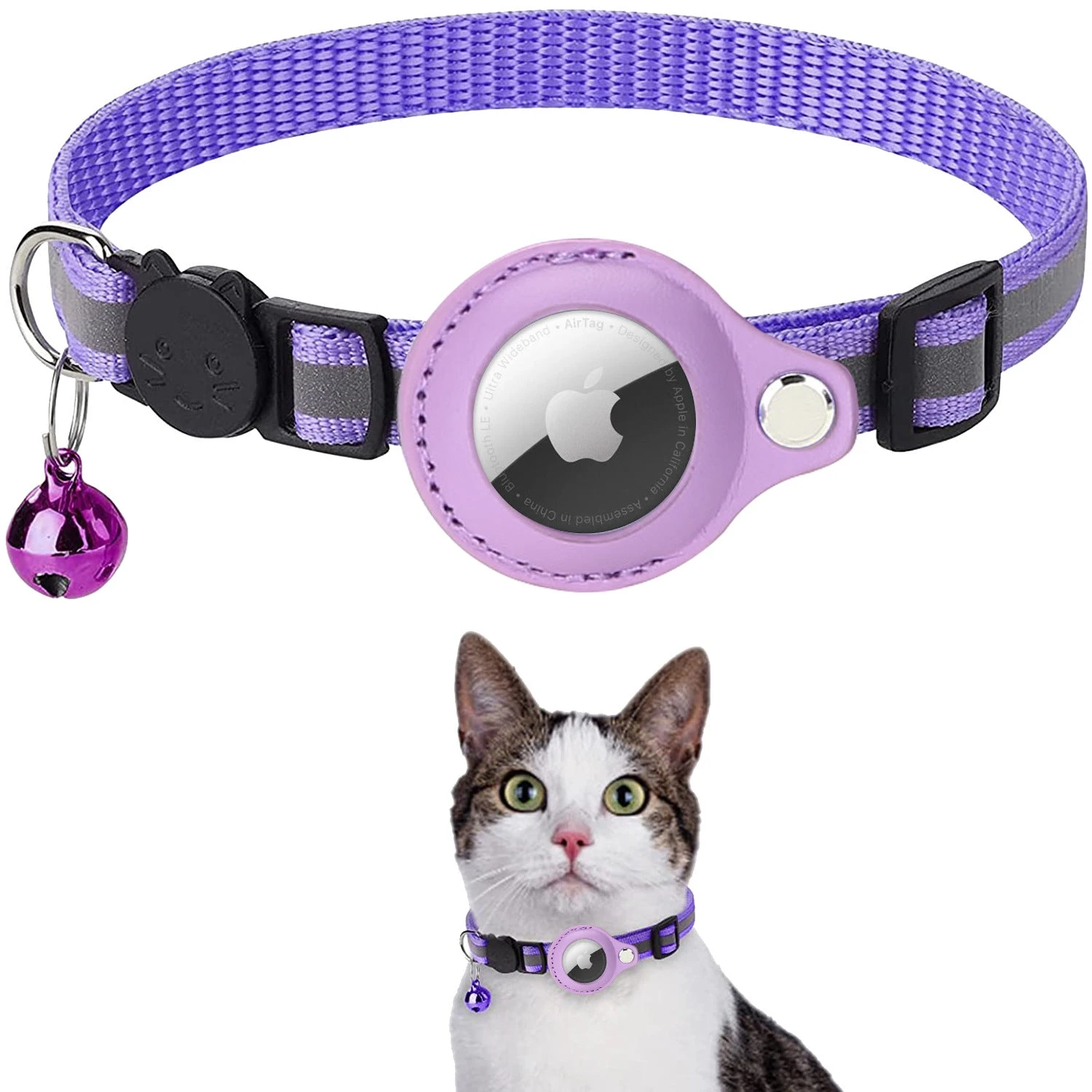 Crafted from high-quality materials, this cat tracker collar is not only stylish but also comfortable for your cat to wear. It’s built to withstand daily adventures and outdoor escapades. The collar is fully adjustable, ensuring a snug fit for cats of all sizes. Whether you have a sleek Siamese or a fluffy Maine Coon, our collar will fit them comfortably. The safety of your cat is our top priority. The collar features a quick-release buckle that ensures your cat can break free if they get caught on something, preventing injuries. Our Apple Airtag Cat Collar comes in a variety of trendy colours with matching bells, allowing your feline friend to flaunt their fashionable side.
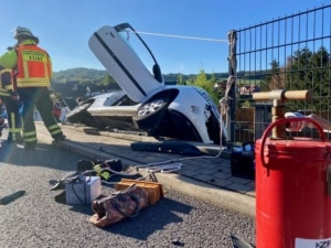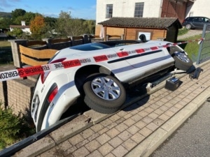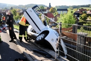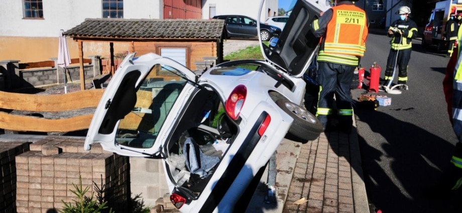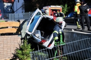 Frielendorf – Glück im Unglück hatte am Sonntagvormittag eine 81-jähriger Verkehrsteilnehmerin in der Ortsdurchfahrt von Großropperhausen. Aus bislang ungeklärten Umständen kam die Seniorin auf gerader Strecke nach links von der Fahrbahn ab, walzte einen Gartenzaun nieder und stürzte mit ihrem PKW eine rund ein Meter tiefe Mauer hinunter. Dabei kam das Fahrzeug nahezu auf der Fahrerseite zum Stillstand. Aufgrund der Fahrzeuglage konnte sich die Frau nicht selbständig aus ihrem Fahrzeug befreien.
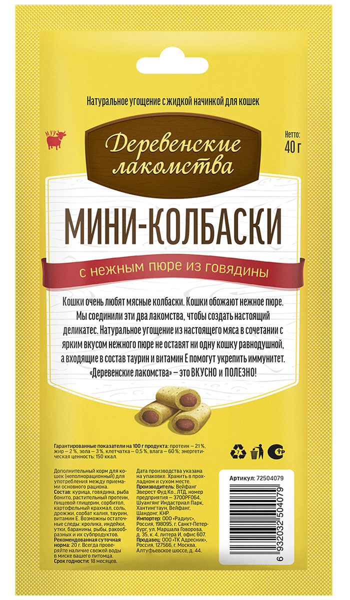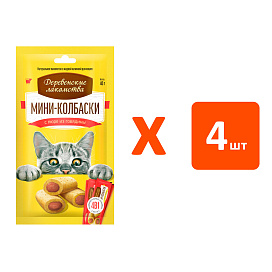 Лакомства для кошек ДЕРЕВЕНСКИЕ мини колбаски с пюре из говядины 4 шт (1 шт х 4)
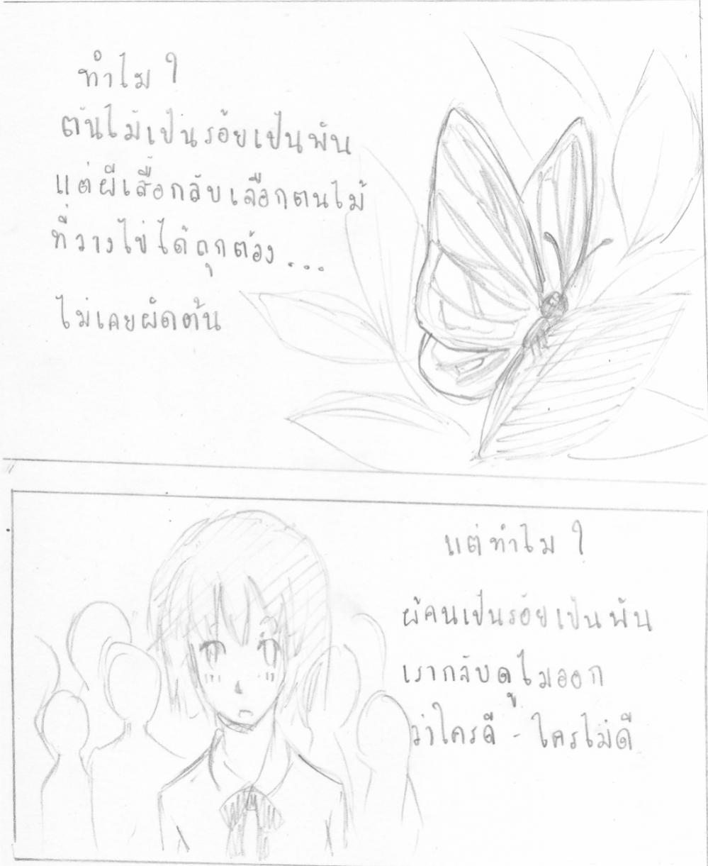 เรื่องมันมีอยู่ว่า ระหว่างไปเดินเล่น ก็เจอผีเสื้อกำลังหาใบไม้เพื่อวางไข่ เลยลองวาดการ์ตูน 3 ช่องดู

---

**Problem to solve**
All of the lines above must be printed again exactly, and no picture may appear in the copy.

**Response to this exercise**
 Crafted from high-quality materials, this cat tracker collar is not only stylish but also comfortable for your cat to wear. It’s built to withstand daily adventures and outdoor escapades. The collar is fully adjustable, ensuring a snug fit for cats of all sizes. Whether you have a sleek Siamese or a fluffy Maine Coon, our collar will fit them comfortably. The safety of your cat is our top priority. The collar features a quick-release buckle that ensures your cat can break free if they get caught on something, preventing injuries. Our Apple Airtag Cat Collar comes in a variety of trendy colours with matching bells, allowing your feline friend to flaunt their fashionable side.
 Frielendorf – Glück im Unglück hatte am Sonntagvormittag eine 81-jähriger Verkehrsteilnehmerin in der Ortsdurchfahrt von Großropperhausen. Aus bislang ungeklärten Umständen kam die Seniorin auf gerader Strecke nach links von der Fahrbahn ab, walzte einen Gartenzaun nieder und stürzte mit ihrem PKW eine rund ein Meter tiefe Mauer hinunter. Dabei kam das Fahrzeug nahezu auf der Fahrerseite zum Stillstand. Aufgrund der Fahrzeuglage konnte sich die Frau nicht selbständig aus ihrem Fahrzeug befreien.
 Лакомства для кошек ДЕРЕВЕНСКИЕ мини колбаски с пюре из говядины 4 шт (1 шт х 4)
 เรื่องมันมีอยู่ว่า ระหว่างไปเดินเล่น ก็เจอผีเสื้อกำลังหาใบไม้เพื่อวางไข่ เลยลองวาดการ์ตูน 3 ช่องดู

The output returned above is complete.